**Exercise**
For the material below, return exactly the lines starting at the line containing "ผ่านทาง https://www.theconcert.com เท่านั้น" and ending at the line containing "Le chalet offre", both ends included, and no others.

[Exercise materials — start]

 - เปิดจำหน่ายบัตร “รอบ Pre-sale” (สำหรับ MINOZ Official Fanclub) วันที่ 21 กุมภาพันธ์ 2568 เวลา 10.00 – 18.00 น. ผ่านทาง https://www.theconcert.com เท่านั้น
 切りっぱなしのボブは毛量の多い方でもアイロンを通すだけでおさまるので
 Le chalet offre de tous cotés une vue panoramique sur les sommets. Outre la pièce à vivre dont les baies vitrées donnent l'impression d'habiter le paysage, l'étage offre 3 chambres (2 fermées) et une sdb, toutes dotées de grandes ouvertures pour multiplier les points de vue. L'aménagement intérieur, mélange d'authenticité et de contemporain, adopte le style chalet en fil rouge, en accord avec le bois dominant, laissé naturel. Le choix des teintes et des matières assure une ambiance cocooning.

[Exercise materials — finish]
[Exercise materials — start]

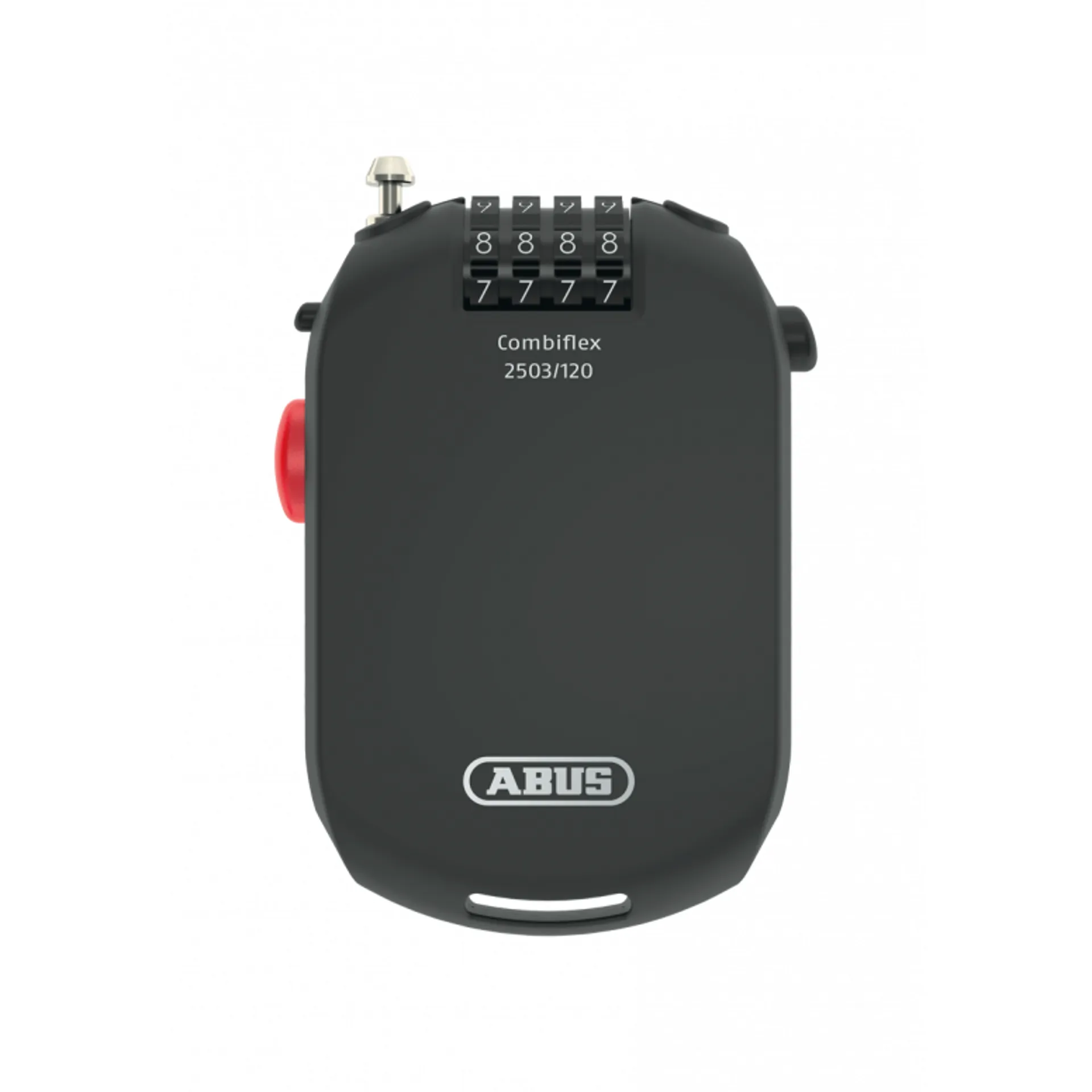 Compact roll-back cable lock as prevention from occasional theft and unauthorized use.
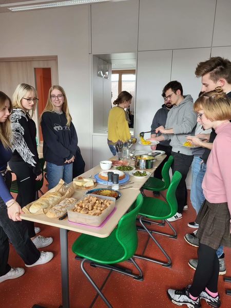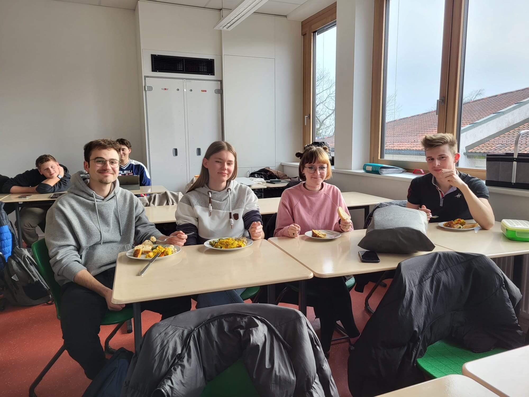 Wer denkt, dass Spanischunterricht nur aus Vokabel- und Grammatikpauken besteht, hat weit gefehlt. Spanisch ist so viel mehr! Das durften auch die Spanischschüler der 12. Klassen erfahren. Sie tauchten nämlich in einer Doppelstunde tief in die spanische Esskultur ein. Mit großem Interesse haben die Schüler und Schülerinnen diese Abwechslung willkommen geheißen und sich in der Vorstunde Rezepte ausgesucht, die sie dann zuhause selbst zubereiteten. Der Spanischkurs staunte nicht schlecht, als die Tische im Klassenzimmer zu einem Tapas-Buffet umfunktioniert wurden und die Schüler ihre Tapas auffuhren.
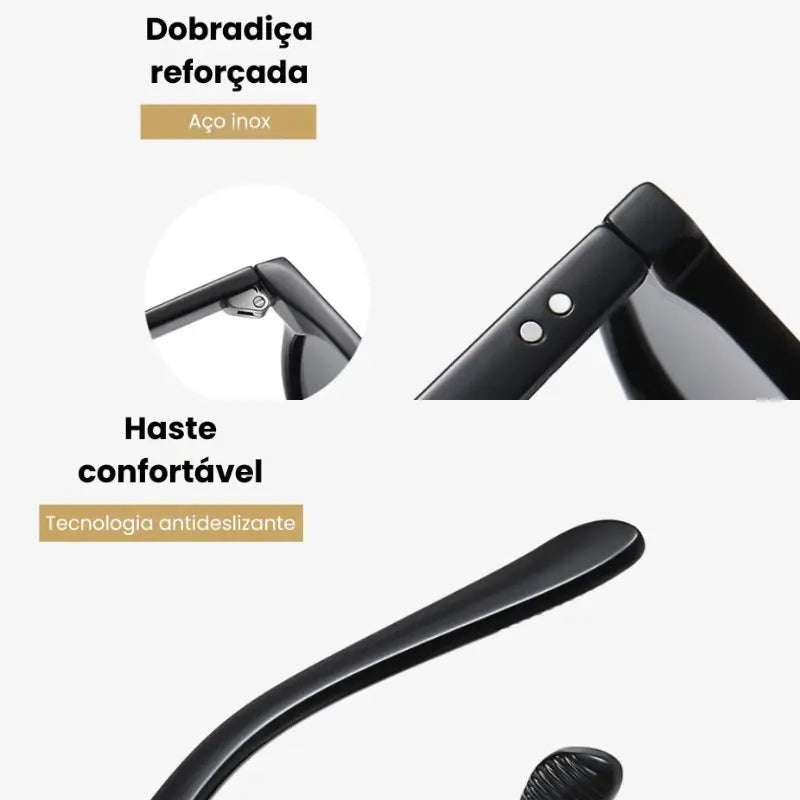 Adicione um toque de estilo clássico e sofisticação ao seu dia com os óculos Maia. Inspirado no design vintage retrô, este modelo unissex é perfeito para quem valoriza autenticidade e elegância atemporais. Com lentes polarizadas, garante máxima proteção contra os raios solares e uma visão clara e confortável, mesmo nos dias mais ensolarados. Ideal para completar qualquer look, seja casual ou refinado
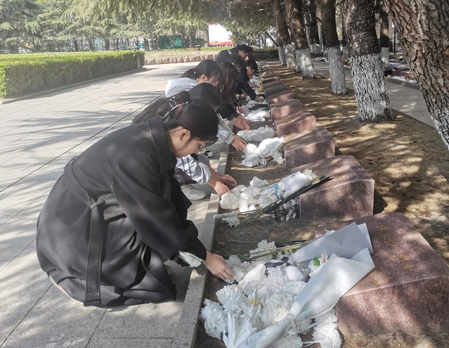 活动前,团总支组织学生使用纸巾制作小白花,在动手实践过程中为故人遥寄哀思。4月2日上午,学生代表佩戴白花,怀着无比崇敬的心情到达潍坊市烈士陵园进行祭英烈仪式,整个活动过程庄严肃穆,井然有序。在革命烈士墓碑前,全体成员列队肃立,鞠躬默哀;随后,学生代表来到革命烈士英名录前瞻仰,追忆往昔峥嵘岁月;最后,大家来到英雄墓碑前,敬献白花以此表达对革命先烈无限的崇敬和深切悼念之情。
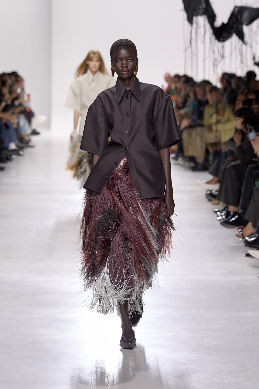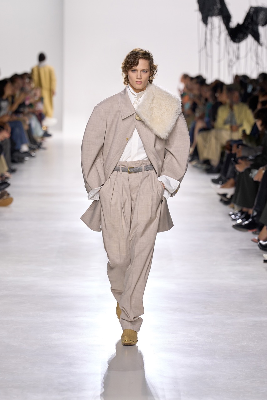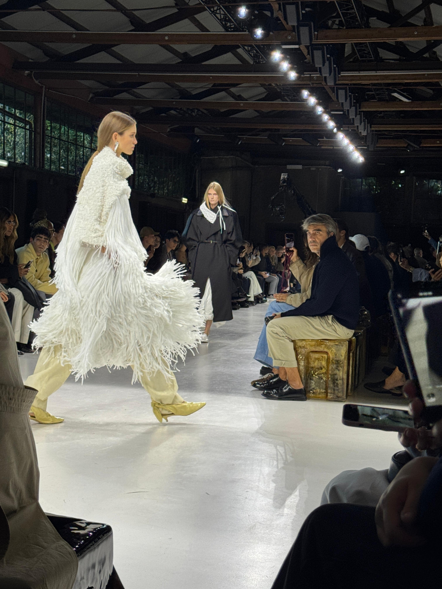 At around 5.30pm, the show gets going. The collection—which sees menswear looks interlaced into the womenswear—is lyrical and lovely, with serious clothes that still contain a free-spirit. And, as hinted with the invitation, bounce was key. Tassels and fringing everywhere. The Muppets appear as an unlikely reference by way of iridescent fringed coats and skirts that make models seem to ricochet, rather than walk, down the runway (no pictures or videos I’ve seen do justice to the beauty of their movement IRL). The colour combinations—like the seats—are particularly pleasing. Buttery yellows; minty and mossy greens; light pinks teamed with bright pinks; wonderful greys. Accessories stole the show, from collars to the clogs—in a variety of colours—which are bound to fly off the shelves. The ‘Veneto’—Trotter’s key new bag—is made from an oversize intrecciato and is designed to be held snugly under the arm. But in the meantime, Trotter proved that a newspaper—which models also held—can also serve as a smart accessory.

[Exercise materials — finish]
[Exercise materials — start]

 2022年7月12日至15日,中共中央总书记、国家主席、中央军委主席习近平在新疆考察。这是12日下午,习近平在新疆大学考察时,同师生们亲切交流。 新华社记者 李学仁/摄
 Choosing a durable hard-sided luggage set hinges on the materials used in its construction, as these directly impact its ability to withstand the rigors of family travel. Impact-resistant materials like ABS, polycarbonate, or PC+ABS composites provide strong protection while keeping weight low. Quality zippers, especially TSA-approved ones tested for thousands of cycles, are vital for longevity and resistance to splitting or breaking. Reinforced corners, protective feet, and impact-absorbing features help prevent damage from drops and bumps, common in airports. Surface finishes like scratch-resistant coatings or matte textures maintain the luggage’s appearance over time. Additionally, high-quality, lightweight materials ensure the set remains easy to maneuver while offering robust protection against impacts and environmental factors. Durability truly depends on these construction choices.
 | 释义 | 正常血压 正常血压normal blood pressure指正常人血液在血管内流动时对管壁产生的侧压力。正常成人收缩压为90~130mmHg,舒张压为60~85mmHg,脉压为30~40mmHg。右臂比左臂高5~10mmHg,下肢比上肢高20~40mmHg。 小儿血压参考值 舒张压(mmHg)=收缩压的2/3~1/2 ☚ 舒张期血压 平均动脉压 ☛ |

[Exercise materials — finish]

**Exercise solution**
 - เปิดจำหน่ายบัตร “รอบ Pre-sale” (สำหรับ MINOZ Official Fanclub) วันที่ 21 กุมภาพันธ์ 2568 เวลา 10.00 – 18.00 น. ผ่านทาง https://www.theconcert.com เท่านั้น
 切りっぱなしのボブは毛量の多い方でもアイロンを通すだけでおさまるので
 Le chalet offre de tous cotés une vue panoramique sur les sommets. Outre la pièce à vivre dont les baies vitrées donnent l'impression d'habiter le paysage, l'étage offre 3 chambres (2 fermées) et une sdb, toutes dotées de grandes ouvertures pour multiplier les points de vue. L'aménagement intérieur, mélange d'authenticité et de contemporain, adopte le style chalet en fil rouge, en accord avec le bois dominant, laissé naturel. Le choix des teintes et des matières assure une ambiance cocooning.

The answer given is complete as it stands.